Why is it best for the number of values that can be stored in a hash table to be a prime number, and why, for secondary hashing, should it be two greater than a prime number?
When a proposed hash function turns out not to work very well in practice, the reason is usually that it does not adequately conceal patterns in the keys, so that collisions occur too frequently. In class, I gave an extreme example of this defect: A hash function that took telephone numbers as keys and returned the first three digits of the number as its hash code would give terrible results -- in Grinnell, almost all the telephone numbers would hash to 236 and 269!
In many applications, it turns out that keys are assigned in such a way
that there is a pattern in their factors, often one that is not anticipated
by the programmer. If the hash function is HashKey, from the
handout on hash tables, and
ArraySize happens to be divisible by some small integer, such
patterns may inflate the collision rate, since the resulting hash codes
will show the same bias as the keys. If, however, ArraySize
is a prime, dividing the key by ArraySize is likely to produce
hash codes that are fairly evenly distributed despite the bias in the keys.

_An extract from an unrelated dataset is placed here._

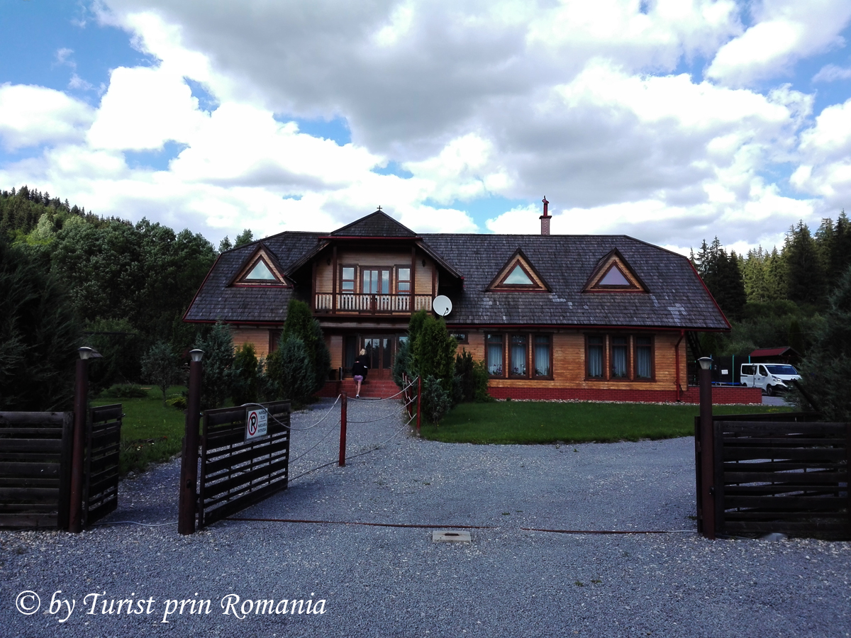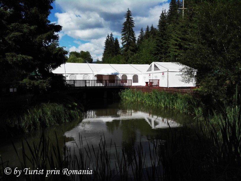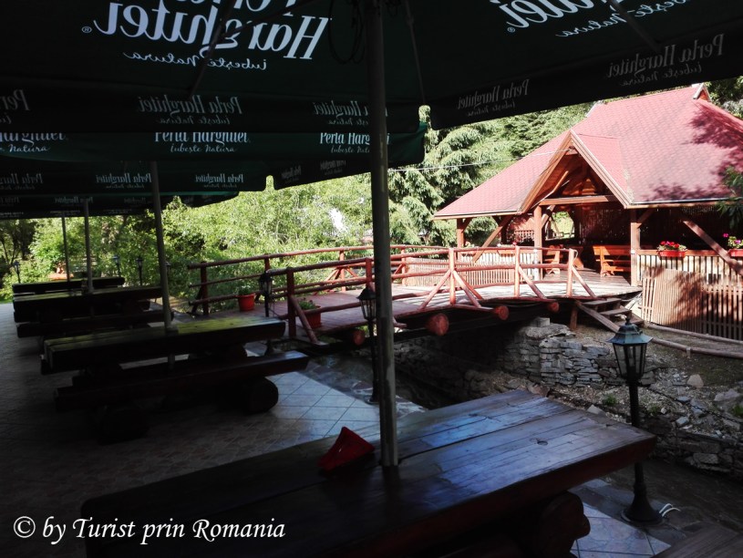 Puțin mai departe se întrezărește o păstrăvărie ale cărei ape intră sub terasa acoperită cu podea de sticlă.

Using a large prime as the value of ArraySize eliminates
biases arising from any factors except multiples of ArraySize
itself.
In a hash table that uses a secondary hash function for probing, such as
ProbeWithKey in the handout, one wants both to hash any
information content in the key and to arrange that successive probes with
the same key will yield different positions in the array. The critical
loop is in the FindPosition function and looks like this:
Looking := True;
Position := HashKey (Opener, ArraySize);
while Looking do
if EqualKeys (Arr[Position].K, Opener) then begin
Found := True;
Looking := False
end
else if InUse (Store, Position) then
Position := ProbeWithKey (Position, Opener, ArraySize)
else begin
Found := False;
Looking := False
end
If the while-loop is executed repeatedly, what happens is that
the array position initially returned by HashKey is occupied
by a different value, so ProbeWithKey is invoked to give a
different position; but that turns out also to be occupied by a different
value, so ProbeWithKey is invoked again to give a
different position; and so on and so on. One wants to ensure that
ProbeWithKey not repeat any position in this sequence until
all or almost all of the other positions in the array have been tried, so
that if there is a vacancy anywhere in the array, repeated calls to
ProbeWithKey will find it. Choosing ArraySize to
be a prime that is also two greater than a prime ensures that the
ProbeWithKey function meets both requirements.Unbucketed hash tables -- I think I understand the concept of assigning weights to each position in an array of characters to determine where a word or other data item should be stored within an array, but I can't figure out what a good way to determine where to leave blank spaces would be. Walker says, on page 400, that spaces can be left at various positions as needed ... how does one figure out where those spaces need to be? I realize this might vary with what you're trying to store -- let's say glossary of terms entered one by one by the user ... how does the programmer decide where to leave spaces, and how many spaces to leave?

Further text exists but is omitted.